There has been much news in the energy industry about the deficit in capacity from pipelines shipping crude oil out of the Permian Basin in West Texas. That has made crude oil price differentials widen between Midland, Texas and the Gulf Coast exporting region.
Major midstream and downstream companies like Plains All American ( PAA) , Enterprise Products Partners ( EPD) , Phillips 66 ( PSX) and Magellan Midstream ( MMP) have raced to build a series of pipelines connecting West Texas to the Gulf Coast. Several of those projects are scheduled to be completed next year. But what would happen to crude oil prices if some or all of those projects are delayed?
The answer -- there's nothing producers can do as they are land-locked in this part of the country, which is lacking not only in infrastructure but also in trained workers. Today there's a shortage of truckers and trucks available to haul crude, and Crude-by-Rail has also become a limited option.
As I've mentioned in prior columns, crude oil for delivery to Midland, Texas, where the local price of crude is set, has recently sold for $12 to $15 below the price of crude for delivery in Cushing, Okla., which is a major crude oil trading hub in North America. This discount reflects the added cost getting oil to refineries and export facilities out of the region using trucks and trains.
A report this week by energy consultancy Wood McKenzie has brought to light what Permian producers are doing to mitigate this possibility, protecting themselves against a further drop in price differentials. According to Wood McKenzie, hedges have increased more than four-fold for some producers.
Companies like Concho Resources ( CXO) , Energen ( EGN) , and SM Energy ( SM) have substantially increased their 2020 Midland-Cushing differential hedging exposure since the beginning of the year, with EGN and SM hedging almost twice the volumes. What Wood McKenzie concluded is that Permian producers are worried that key pipeline projects won't be completed on schedule.

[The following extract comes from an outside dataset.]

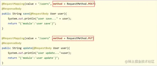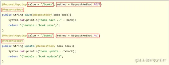 @Controller public class UserController { @RequestMapping("/save") @ResponseBody public String save(@RequestBody User user) { System.out.println("user save..."+user); return "{'module':'user save'}"; } @RequestMapping("/delete") @ResponseBody public String delete(Integer id) { System.out.println("user delete..." + id); return "{'module':'user delete'}"; } @RequestMapping("/update") @ResponseBody public String update(@RequestBody User user) { System.out.println("user update..." + user); return "{'module':'user update'}"; } @RequestMapping("/getById") @ResponseBody public String getById(Integer id) { System.out.println("user getById..." + id); return "{'module':'user getById'}"; } @RequestMapping("/findAll") @ResponseBody public String getAll() { System.out.println("user getAll..."); return "{'module':'user getAll'}"; } } @Controller public class BookController { @RequestMapping(value = "/books",method = RequestMethod.POST) @ResponseBody public String save(@RequestBody Book book){ System.out.println("book save..." + book); return "{'module':'book save'}"; } @RequestMapping(value = "/books/{id}",method = RequestMethod.DELETE) @ResponseBody public String delete(@PathVariable Integer id){ System.out.println("book delete..." + id); return "{'module':'book delete'}"; } @RequestMapping(value = "/books",method = RequestMethod.PUT) @ResponseBody public String update(@RequestBody Book book){ System.out.println("book update..." + book); return "{'module':'book update'}"; } @RequestMapping(value = "/books/{id}",method = RequestMethod.GET) @ResponseBody public String getById(@PathVariable Integer id){ System.out.println("book getById..." + id); return "{'module':'book getById'}"; } @RequestMapping(value = "/books",method = RequestMethod.GET) @ResponseBody public String getAll(){ System.out.println("book getAll..."); return "{'module':'book getAll'}"; } }

With oil production in the Permian Basin predicted to grow at a pace of 400,000 barrels a day per year until 2022, producers fear that they will not be able to get their crude out of the basin. Options include keeping it on the ground or entering into a hedging agreement with the banks.
While midstream operators like EPD, PAA, and MMP are racing to complete pipeline projects and expansions to help ease this congestion, more than 2 million barrels per day of capacity is slated to come online beginning in late 2019 and early 2020. As a result, the basin could be in a temporary medium-term, over-build.
Wood McKenzie predicts it could take more than a year before West Texas producers see sustained pricing relief.